What to do:
Print, in exact form, the lines below from the one containing "schaut er vom" through the one containing "Dynamic digital illustration", and omit all others.

____ Information

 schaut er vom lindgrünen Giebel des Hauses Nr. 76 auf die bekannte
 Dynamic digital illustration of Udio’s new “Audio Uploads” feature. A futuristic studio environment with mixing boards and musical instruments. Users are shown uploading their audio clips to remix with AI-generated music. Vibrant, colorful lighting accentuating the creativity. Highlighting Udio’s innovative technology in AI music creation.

________
____ Information

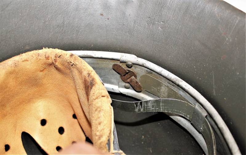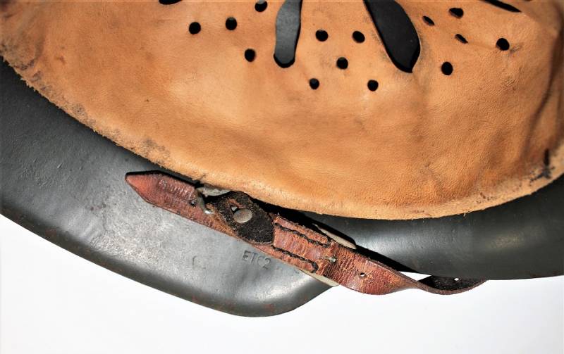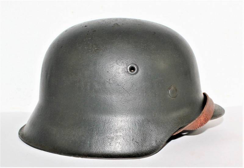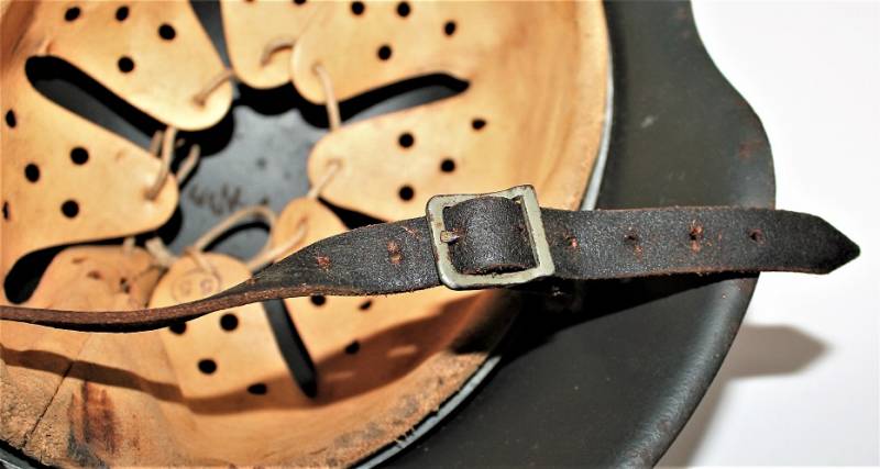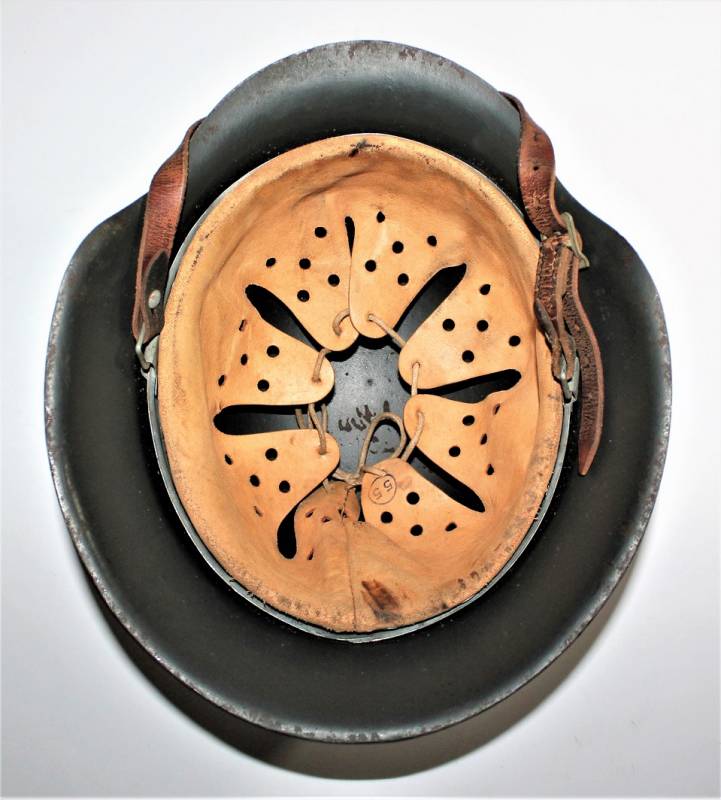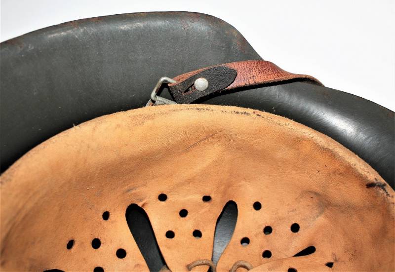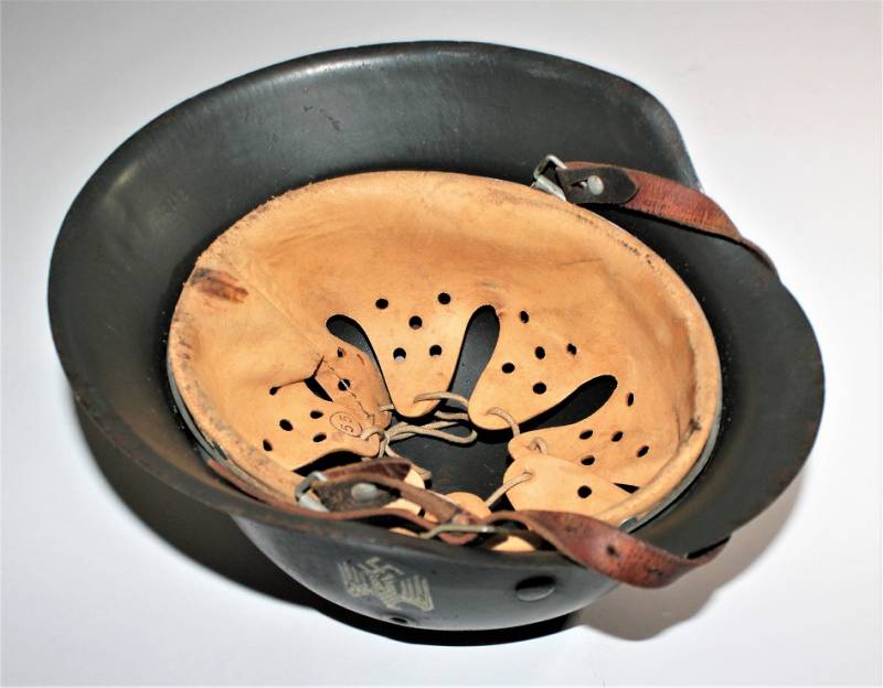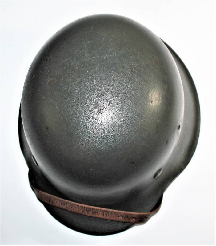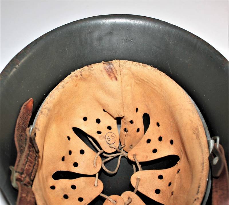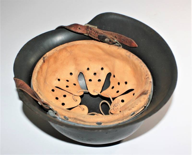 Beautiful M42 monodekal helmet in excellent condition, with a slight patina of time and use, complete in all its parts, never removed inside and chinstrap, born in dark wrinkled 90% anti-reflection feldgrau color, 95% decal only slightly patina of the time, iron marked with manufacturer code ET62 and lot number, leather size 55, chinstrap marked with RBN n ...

________

Response for this exercise:
 schaut er vom lindgrünen Giebel des Hauses Nr. 76 auf die bekannte
 Dynamic digital illustration of Udio’s new “Audio Uploads” feature. A futuristic studio environment with mixing boards and musical instruments. Users are shown uploading their audio clips to remix with AI-generated music. Vibrant, colorful lighting accentuating the creativity. Highlighting Udio’s innovative technology in AI music creation.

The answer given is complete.